The details of the output are as follows.

```
[./out]/
├── Res_Section_5/[YYYYMMDD_HHMM_SS]/
        ├── logs/
        └── Ndata05000_dimension05_alphaXXXXXX.csv
```
##### The details of output
* [YYYYMMDD_HHMM_SS]/
  - A folder with a name of the date and time when the script was executed is created.
* logs/
  - The logs of pytorch for each simulation.
* Ndata05000_dimension05_alphaXXXXXX.csv
  - The results of the experiments for each α (α=-3, -2, -1, 0.8, 0.5, 0.2, 2 , 3, and 4) are outputed in a csv file.
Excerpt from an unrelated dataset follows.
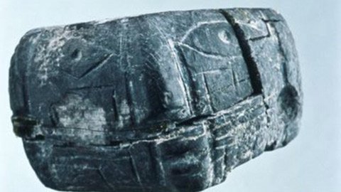 | Chiếc nhẫn đá cỡ nhỏ mà các nhà khảo cổ tìm thấy trong ngôi mộ 1300 tuổi ở tầng trên. Ảnh: Daily Mail. |

Here, ```XXXXX``` is the value of α. In this file, each column corresponds to the results of each simulation, and the "index" column corresponds to the number of steps.

#### Experiments related to Section 7 (decribed in Section D.2)
##### Run
Execute ```Run_Experiments_in_Section_7.py``` script, as follows:

```
python Run_Experiments_in_Section_7.py
```

##### Output
The results are created into the ```out/``` directory created in the current directory.
The details of the output are as follows.

```
[./out]/
├── Res_Section_7/[YYYYMMDD_HHMM_SS]/
        ├── logs/
        └── Ndata05000_dimensionXX_alpha0.500.csv
```
##### The details of output
* [YYYYMMDD_HHMM_SS]/
  - A folder with a name of the script execution date and time is created.
* logs/
  - The logs of pytorch for each simulation.
* Ndata05000_dimensionXX_alpha0.500.csv
  - The results of the experiments for each dimension d of data (d=2, 3, 4, 5, 6, and 7) are outputed in a csv file. Here, ```XX``` is the dimension d of the data. In this file, each column corresponds to the results of each simulation, and the "index" column corresponds to the number of steps.


#### Experiments related to Section 7 (decribed in Section D.3)
##### Preparation: Generating train and test data
Before conducting these experiments, training and test data must be created.

First, execute ```Generate_train_data_in_Section_8.py``` and ```Generate_test_data_in_Section_8.py``` scripts, as follows:
```
python Generate_train_data_in_Section_8.py
python Generate_test_data_in_Section_8.py
```

To conduct the experiments, the training data need to include entropy balancing weights.
In the R console, change the working directory to the directory in which ```Generate_train_data_in_Section_8.py``` was executed, then excute ```Calculation_Entropy_Balancing_weights_in_Section_8.R``` script, as follows:
```
> setwd("<the  path of the directory in which Generate_train_data_in_Section_8.py was exected>")
> source("Calculation_Entropy_Balancing_weights_in_Section_8.R")
```

##### Run
Execute ```Run_Experiments_in_Section_8_N1000.py``` , ```Run_Experiments_in_Section_8_N10000.py```, and ```Run_Experiments_in_Section_8_N10000.py``` scripts, as follows:
```
python Run_Experiments_in_Section_8_N1000.py
python Run_Experiments_in_Section_8_N10000.py
python Run_Experiments_in_Section_8_N100000.py
```

##### Output
The results are created into the ```out/``` directory created in the current directory.
The details of the output are as follows.

```
[./out]/
├── Res_Section_8/[data_size_in_the_experiments]/[the_experiment_name]_[YYYYMMDD_HHMM_SS]/
        ├── logs/
        └── [the_xperiment_name]_[YYYYMMDD_HHMM_SS].csv
```
##### The details of output
* [data_size_in_the_experiments]/
  - A folder with a name of the size of the data used in the experiments is created. This value is one of the following three strings:
      - ```N1000```
      - ```N10000```
      - ```N100000```
* [the_experiment_name]_[YYYYMMDD_HHMM_SS]/
  - A folder with a name of the experiments and the date and time when the script was executed is created. This value of [the_experiment_name] is one of the following two strings:
      - ```Experiment1```
      - ```Experiment2```
* logs/
  - The logs of pytorch for each simulation.
* [the_xperiment_name]_[YYYYMMDD_HHMM_SS].csv
  - The results of the experiments are outputed in a csv file. The file name is the same as the name of the directory in which the file is in.
    In this file, each row corresponds to the result of each simulation, where the "index" column indicates the ids of the simulations. Each column of the file corresponds to the result of each combination of balancing methods (NBW, EB, and NoWeights) and supervised learning algorithms (LR and GBT) used in the experiments.